### Task item
Your reply should restate the lines from the top of the entries through the line containing "You could always" word for word, with no pictures.
▼
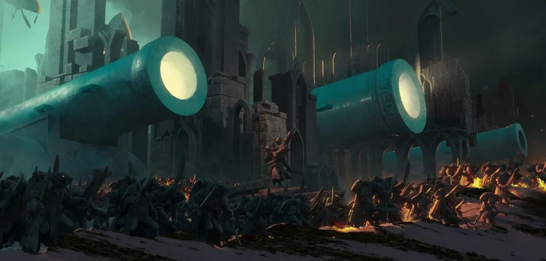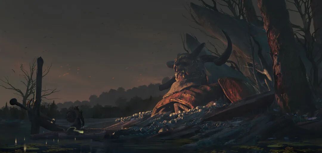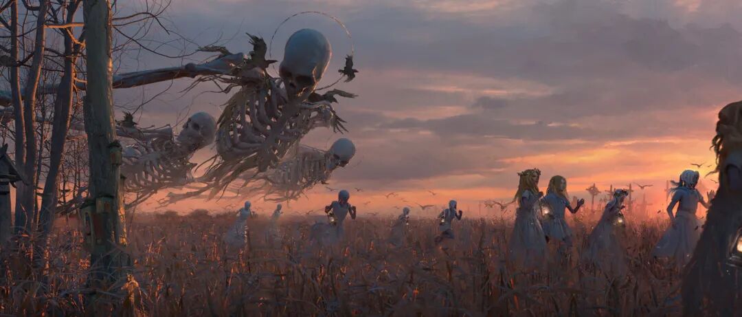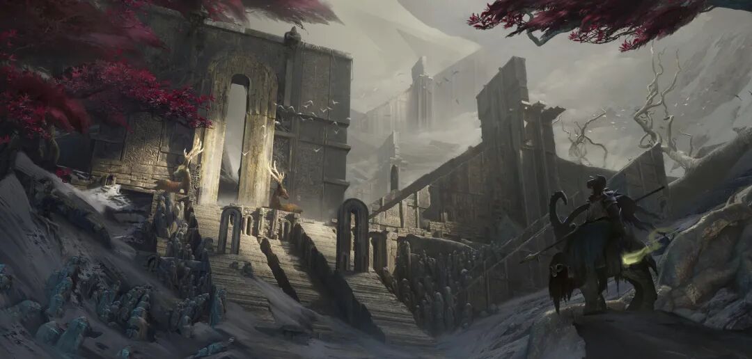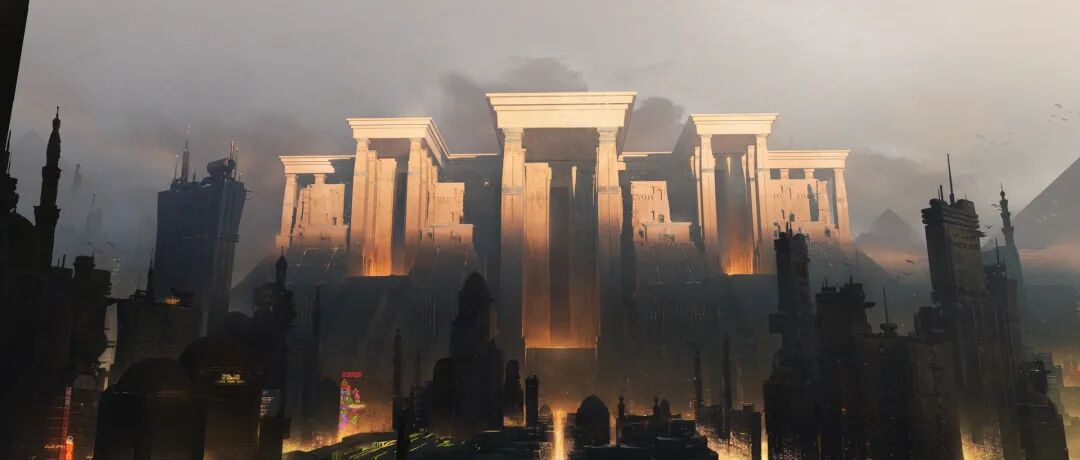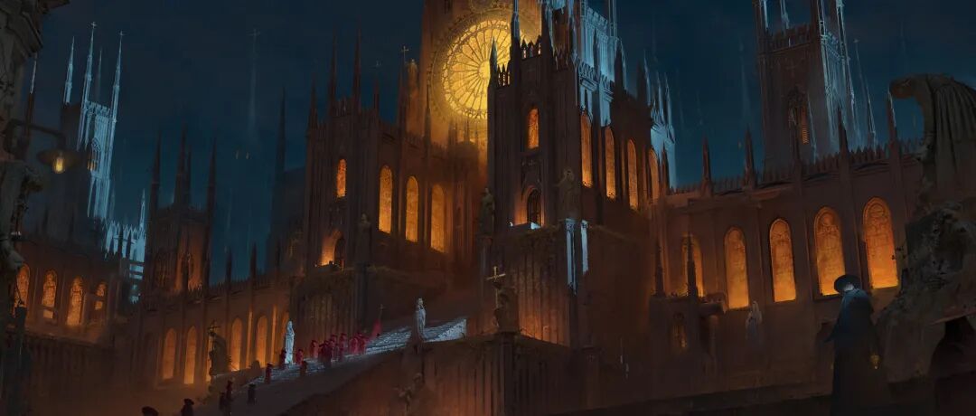 他的场景作品宏伟壮观,故事感很强,绝妙光影塑造出来的整体氛围压迫力十足,拥有电影般的高级质感。
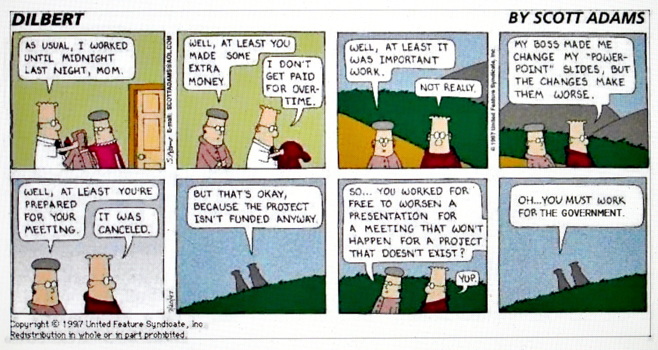 You could always gauge the level of morale by how many Dilbert cartoons were posted on someone's cubilce wall. If one of them was circled, you'd better tiptoe out of there.
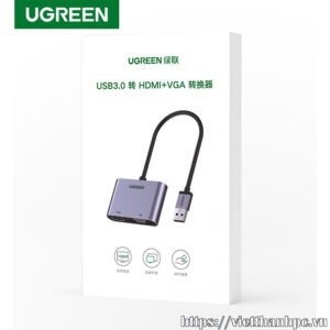 Cáp chuyển đổi USB 3.0 sang HDMI + VGA 1080P/60Hz Ugreen 20518 cao cấp
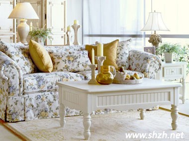 歐式田園大致可分為英式田園風格和法式田園風格。英式田園風格的家具多以奶白、象牙白等白色為主,使用高檔的樺木、楸木等做框架,配以高檔的環(huán)保中纖板做內(nèi)板,使用高檔油漆處理,制作以及雕刻都是純手工,線條細致,造型優(yōu)雅。英式田園風格家具還有另一大主要特點---華美的布藝,布面花色秀麗,多以紛繁的花卉圖案為主,碎花、條紋、蘇格蘭圖案是英式田園風格家具永恒的主調(diào)。法式田園風格最顯著地特征是家具的洗白處理及配色上的大膽鮮艷,洗白處理使家具流露出古典的雋永質感,黃、紅、藍的色彩搭配,則反映除了豐沃、富足的大地景象,而椅角被簡化的卷曲弧線及精美的紋飾也是法式優(yōu)雅鄉(xiāng)村生活的體現(xiàn)。
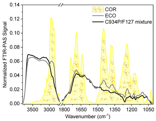 Normalized FTIR-PAS signal of the COR, ECO, and C934P/F127 mixture (without COR), acquired at 25 °C.
▲
### Task response
 他的场景作品宏伟壮观,故事感很强,绝妙光影塑造出来的整体氛围压迫力十足,拥有电影般的高级质感。
 You could always gauge the level of morale by how many Dilbert cartoons were posted on someone's cubilce wall. If one of them was circled, you'd better tiptoe out of there.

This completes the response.